Five radiation cycles have been identified which operate independently of each other, (17) occasionally reinforcing each other, and occasionally canceling each other's effects (Figure X).
A 100,000-year cycle results from the elliptical orbit of the earth around the sun. A 41,000-year (obliquity) cycle results from the tilt of the earth on its axis. A 23,000-year (precession) cycle results from changes in direction of the earth's axis relative to the sun. Also, 95,000, 125 000 and 400,000 (obliquity) year cycles are operative, as is an 11-year sunspot cycle. All of these appear now to have peaked or are in decline. Over the last 300 years, following the Maunder "little ice age" there have been other dips in radiation (Figure (XI), but on average, radiation has increased. (18) This increase in radiation has been concurrent with the most recent warming period, which appears now to have been interrupted, in spite of accelerated burning of fossil fuels.

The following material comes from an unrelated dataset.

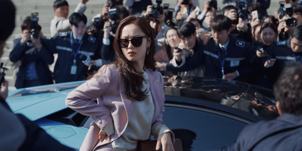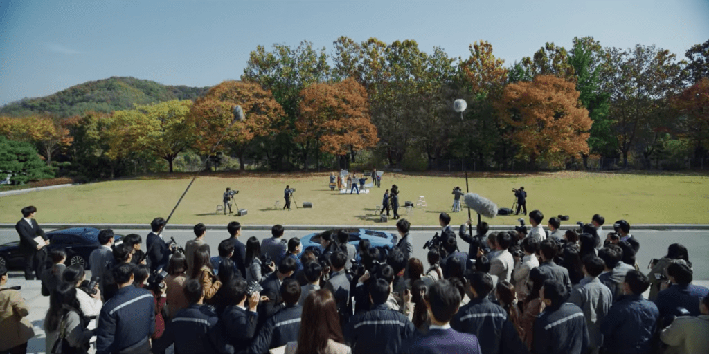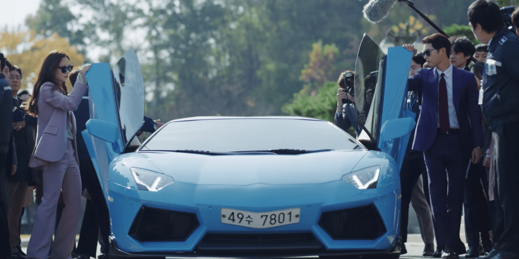 Wusang shows up first to the courthouse and they’re bombarded by the crowd of reporters and journalists waiting outside. Lawyer Choi says a few words of demeaning comments about the plaintiffs and how you should never believe the weak just because they’re weak. With that, everyone else waits for the actual important and relevant people of the lawsuit to show up and they grow curious when they see a small car appear at the entrance of the courthouse. Unlike what they expected, it’s not Cha-young and Vincenzo. It’s just another lawyer who’s upset at the crowd blocking her path and she barks at them to get out of her way, lol. A few seconds later though and our power couple do finally make their long awaited appearance. It’s all totally worth it and everyone’s eyes are fixed on Cha-young and Vincenzo. First off, Vincenzo’s car is a luxurious, rich, and pretty foreign car. Second, Vincenzo and Cha-young exit the car in the most extra and dramatic fashion. They’re confident, hot, and fierce and they really don’t care what others think. Cha-young makes sure to introduce herself to all the reporters and even strikes a few poses in between. The duo then make their way up the stairs towards the courthouse, but they’re not done just yet.

Dr. H. Abdussamatov, head of the St. Petersburg Pulkova Astronomical Observatory (operating since 1839), points out that the earth now has hit its temperature ceiling and that solar radiation has begun to fall, which possibly could account for the current cessation of greenhouse gas emissions since 1988. He anticipates that a cooling period may now develop, and equipment currently is being installed in the Space Station to monitor this effect.
The earth has been subjected to many warming and cooling periods over millions of years, none of which were of human origin. Data from many independent sources have mutually corroborated these effects. They include data from coring both the Antarctic ice cap and sediments from the Sargasso Sea, from stalagmites, from tree rings, from up-wellings in the oceans, and from crustaceans trapped in pre-historic rock formations.
The onset of each 100,000-year abrupt warming period has been coincident with emissions into the atmosphere of large amounts of both carbon dioxide and methane greenhouse gases, which absorb additional heat from the sun, a secondary warming effect. Solar radiation would appear to be the initial forcing event in which warming oceans waters release dissolved carbon dioxide, and melt methane hydrates, both of which are present in the oceans in vast quantities. Subsequent declines in radiation are associated with long cooling periods in which the green house gases then gradually disappear (are re-absorbed) into terrestrial and ocean sinks, as reflected in the data from coring the Antarctic Ice Cap and Sargasso Sea.
The current 100 year solar radiation cycle may now have reached its peak, and irradiation intensity has been observed to be declining. This might account for the very recent net cessation of emission of green house gases into the atmosphere starting about 1988, in spite of increasing generation of anthropomorphically-sourced industrial-based green house gases.
While it seems likely that solar radiation, rather than human activity, is the "forcing agent" for global warming, the subject surely needs more study.
Dr. D. Bruce Merrifield is a former Undersecretary of Commerce for Economic Affairs and Professor Emeritus of the Wharton School of Business at the University of Pennsylvania. He holds Masters and Doctoral degrees in physical organic chemistry and currently is a member of the Visiting Committee for Physical Sciences at the University of Chicago.